Segmenting, Fast and Slow: Real-Time Open-Vocabulary Video Instance Segmentation with Dual-Path Processing
Segmenting, Fast and Slow: Real-Time Open-Vocabulary Video Instance Segmentation with Dual-Path Processing
Title: Segmenting, Fast and Slow: Real-Time Open-Vocabulary Video Instance Segmentation with Dual-Path Processing 标题:快慢分割:基于双路径处理的实时开放词汇视频实例分割
Abstract: Object-centric models inspired by DETR have become the dominant paradigm for open-vocabulary video instance segmentation (OV-VIS). While recent efforts have reduced the computational cost of pixel decoding, textual modality fusion, and object decoding to make these architectures more suitable for mobile devices, real-time on-device inference at high frame rates remains an open challenge. 摘要: 受 DETR 启发的以对象为中心的模型已成为开放词汇视频实例分割(OV-VIS)的主流范式。尽管近期的研究通过降低像素解码、文本模态融合和对象解码的计算成本,使这些架构更适用于移动设备,但在高帧率下实现实时的端侧推理仍然是一个尚未解决的挑战。

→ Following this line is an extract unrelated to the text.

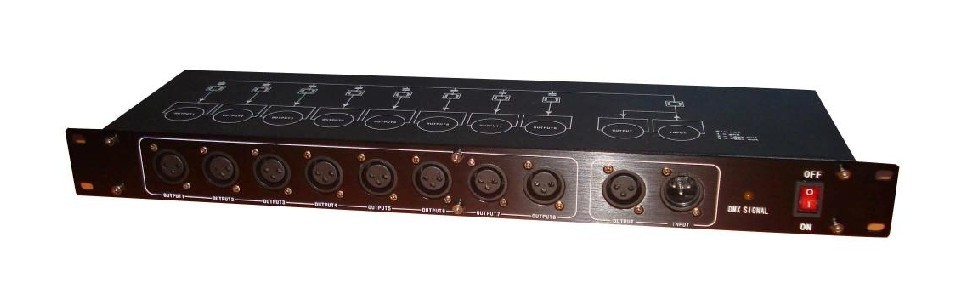 8路獨(dú)立放大驅(qū)動(dòng)輸出。信號(hào)放大整形功能,延長(zhǎng)信號(hào)傳輸距離。增強(qiáng)數(shù)據(jù)總線(xiàn)接入設(shè)備數(shù)量的能力。保護(hù)燈光控制臺(tái)

In this paper, we introduce SegFS, a dual-stream fast-slow framework that significantly improves efficiency without sacrificing accuracy. On sparse keyframes, an open-vocabulary object-based model predicts instance-level representations. These representations are then projected back into the backbone feature space to condition a lightweight fast network, which efficiently relocalizes and segments the instances in subsequent frames. 在本文中,我们引入了 SegFS,这是一个双流“快-慢”框架,它在不牺牲准确性的前提下显著提高了效率。在稀疏的关键帧上,基于开放词汇的对象模型会预测实例级表示。随后,这些表示被投影回骨干网络特征空间,以调节一个轻量级的快速网络,从而在后续帧中高效地重新定位并分割实例。
By shifting instance propagation from object decoding to feature-space conditioning, our approach decouples multimodal semantic understanding from dense mask prediction and enables efficient temporal propagation. The proposed fast branch achieves up to 14x lower latency than the mobile-oriented MOBIUS model, while maintaining competitive segmentation performance on standard OV-VIS benchmarks. 通过将实例传播从对象解码转移到特征空间调节,我们的方法将多模态语义理解与密集掩码预测解耦,并实现了高效的时间传播。所提出的快速分支比面向移动端的 MOBIUS 模型降低了高达 14 倍的延迟,同时在标准的 OV-VIS 基准测试中保持了极具竞争力的分割性能。